Aberration measures the extent of the most severe aliasing:
The larger the aberration, the more aliasing of the most severe type
(resolution III: main effect with 2fi, resolution IV: 2fi with 2fi
(and main effect with 3-factor interaction, not listed in tables of CATALOGUE.XLS))
is present in the design.
Technically, aberration is the number of shortest words.
An effect is said to be “active”, if it does have an influence on the response, and inactive otherwise.
Two effects are said to be completely aliased, if they cannot be seperated from each other by the design. An extreme example would be running an experiment on tires such that large tires of material 1 are compared to small tires of material 2. As there are neither large tires of material 2 nor small tires of material 1, the main effects of tire size and material are completely aliased. (Designs with aliasing between main effects would be resolution II and are not implemented in package FrF2. If one really intends to alias two main effects with each other, one can always combine them into one, e.g. in the above example the combined factor could be called “tire”.) Likewise, aliasing between other effects like between two 2fis or between a main effect and a 2fi means that the effects cannot be separated from each other by the design. More technically, in the present context, aliasing refers to structurally determined identity between several effects that arises in fractional factorials.
“Design” is the shortest term for an experimental plan or experimental layout.
The data contain a certain number n of independent pieces of information, e.g. in case of a designed experiment we have the number of experimental runs (or a multiple of this number in case of proper replication). In any case, one needs to estimate the overall average from the responses of the experiment so that there are n - 1 independent pieces of information left. These are the “degrees of freedom” to start with. We then introduce factors the effects of which we want to estimate. Each effect has degrees of freedom (df) associated with it, e.g. the df for the main effect of a 2-level factor are 1 (=2-1), while the df for the main effect of a 4-level factor would be 3 (=4-1).

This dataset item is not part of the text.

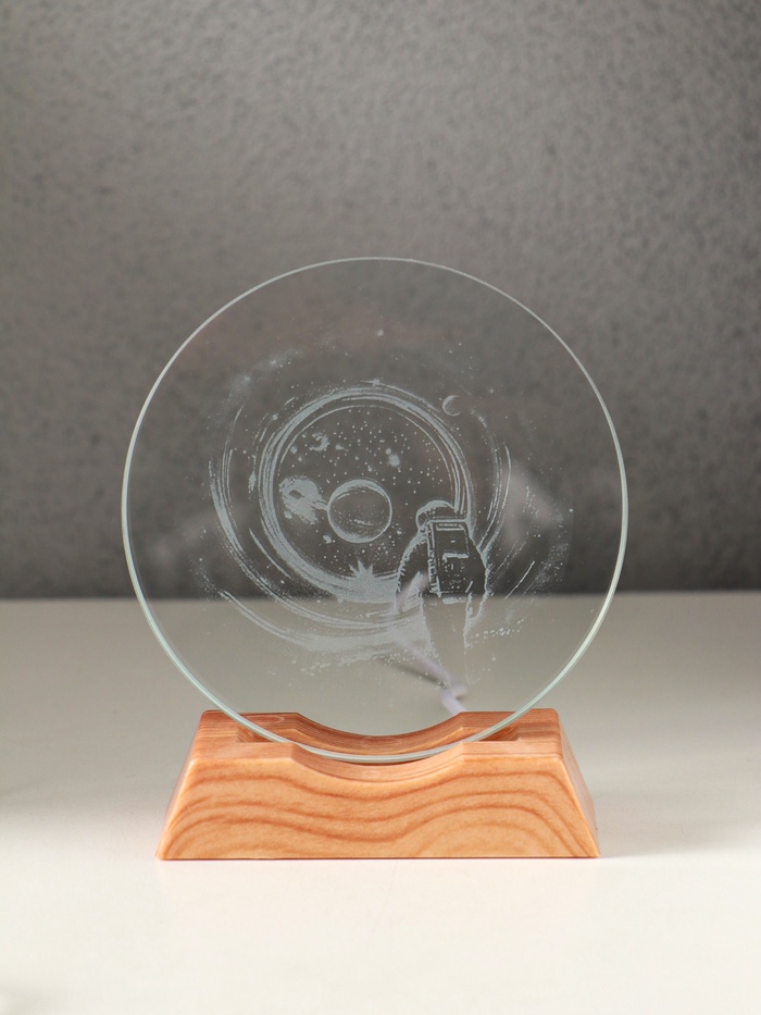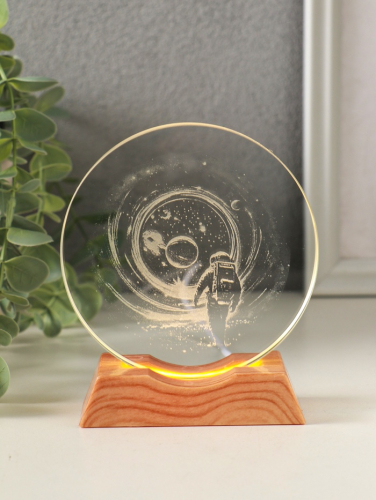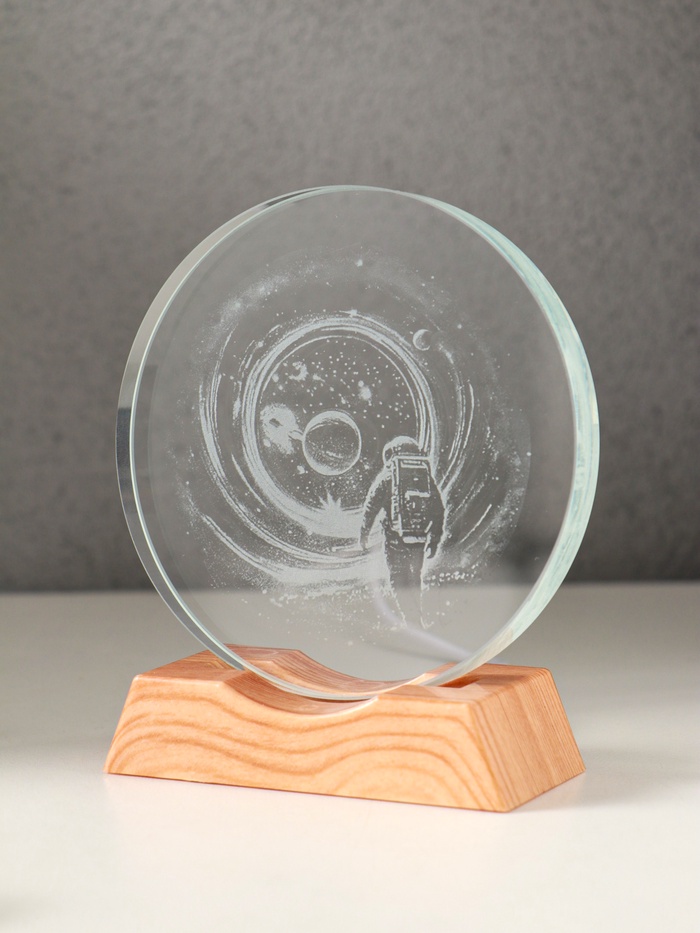 Световая фигурка стекло «Диск. Голограмма: Высадка космонавта на луну», 5×LED, d=10 см, USB, 10×4×11.4 см

In total, the sum of the df of all effects that we estimate cannot exceed the df that we have gained from collecting data. If we subtract the df for each effect that is estimated from the overall df, the remaining number are the so-called error degrees of freedom or residual df. In DoE, we often “saturate” models, i.e. we assign all available degrees of freedom to effects so that residual df are 0. In this case, the only way of assessing whether or not an effect is active is by halfnormal plots, full-normal plots, or effects Paretos; “proper” statistical analysis like Analysis of Variance does require some error degrees of freedom.
Design of experiment, also experimental design: The statistical discipline that takes care of planning / designing experiments. Some people also use this expression for the design itself, or for the whole process of running a designed experiment.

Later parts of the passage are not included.